▶ **What this task involves**
Copy the data below exactly, but not the pictures it contains.

** Data extract follows **

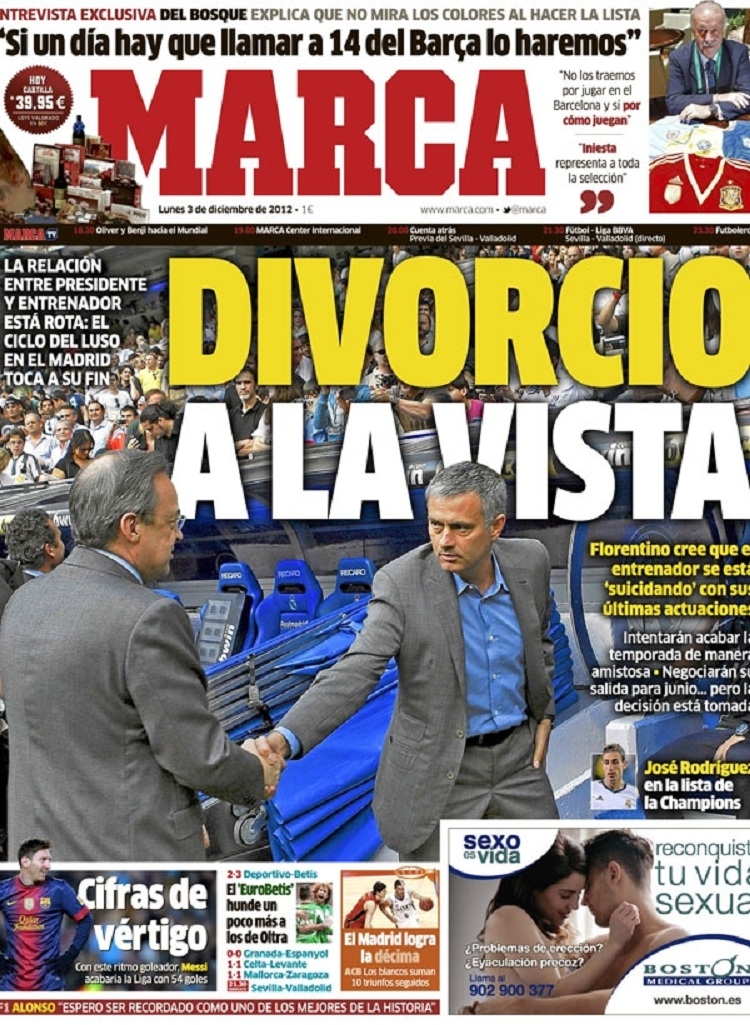 Σύμφωνα με δημοσίευμα της «Marca» στην έντυπη και ηλεκτρονική της μορφή, ο Ζοζέ Μουρίνιο δεν θα είναι στον πάγκο της Ρεάλ Μαδρίτης τη νέα χρονιά.
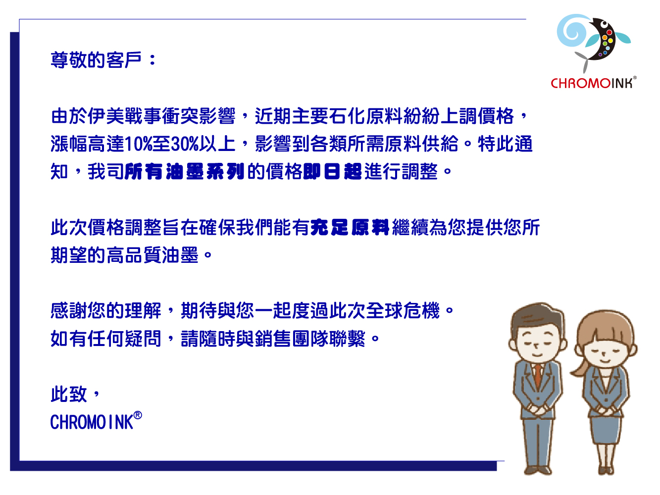 豐彩公司於1983年成立,通過ISO 9001:2015認證,為清豐集團子公司,專注於數位印刷墨水製造。自2002年起,我們的“CHROMOINK”品牌在市場上嶄露頭角。我們產品包括LED UV固化墨水、UV固化墨水、環保溶劑墨水、昇華墨水、紡織墨水以及水性凹印/柔版印刷油墨。我們與國家研究機構和全球企業家合作,秉持創新與發展,以滿足客戶需求並關注環保議題。
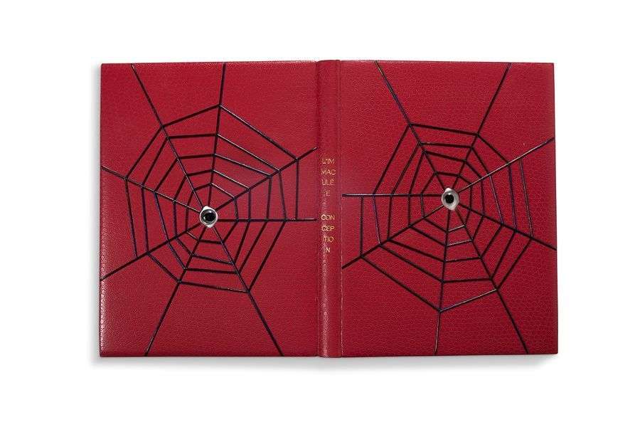 Éditions Surréalistes, José Corti, 1930. Frontispice gravé de Salvador Dali. In-4. Veau rouge vif pointillé. Au centre de chaque plat, incrustation d'un oeil de verre blanc et noir, autour duquel se déploie un réseau de fines moulures noires en relief, vernies et irisées, en forme de toile d'araignée. Dos lisse avec le titre doré, doublures et gardes bord à bord de veau crème. Tranches dorées sur témoins. Chemise de demi-veau crème à rabats, titre doré| étui bordé (Georges Leroux, 1969)

** End of Data extract **

▶ **Solution for this exercise**
 Σύμφωνα με δημοσίευμα της «Marca» στην έντυπη και ηλεκτρονική της μορφή, ο Ζοζέ Μουρίνιο δεν θα είναι στον πάγκο της Ρεάλ Μαδρίτης τη νέα χρονιά.
 豐彩公司於1983年成立,通過ISO 9001:2015認證,為清豐集團子公司,專注於數位印刷墨水製造。自2002年起,我們的“CHROMOINK”品牌在市場上嶄露頭角。我們產品包括LED UV固化墨水、UV固化墨水、環保溶劑墨水、昇華墨水、紡織墨水以及水性凹印/柔版印刷油墨。我們與國家研究機構和全球企業家合作,秉持創新與發展,以滿足客戶需求並關注環保議題。
 Éditions Surréalistes, José Corti, 1930. Frontispice gravé de Salvador Dali. In-4. Veau rouge vif pointillé. Au centre de chaque plat, incrustation d'un oeil de verre blanc et noir, autour duquel se déploie un réseau de fines moulures noires en relief, vernies et irisées, en forme de toile d'araignée. Dos lisse avec le titre doré, doublures et gardes bord à bord de veau crème. Tranches dorées sur témoins. Chemise de demi-veau crème à rabats, titre doré| étui bordé (Georges Leroux, 1969)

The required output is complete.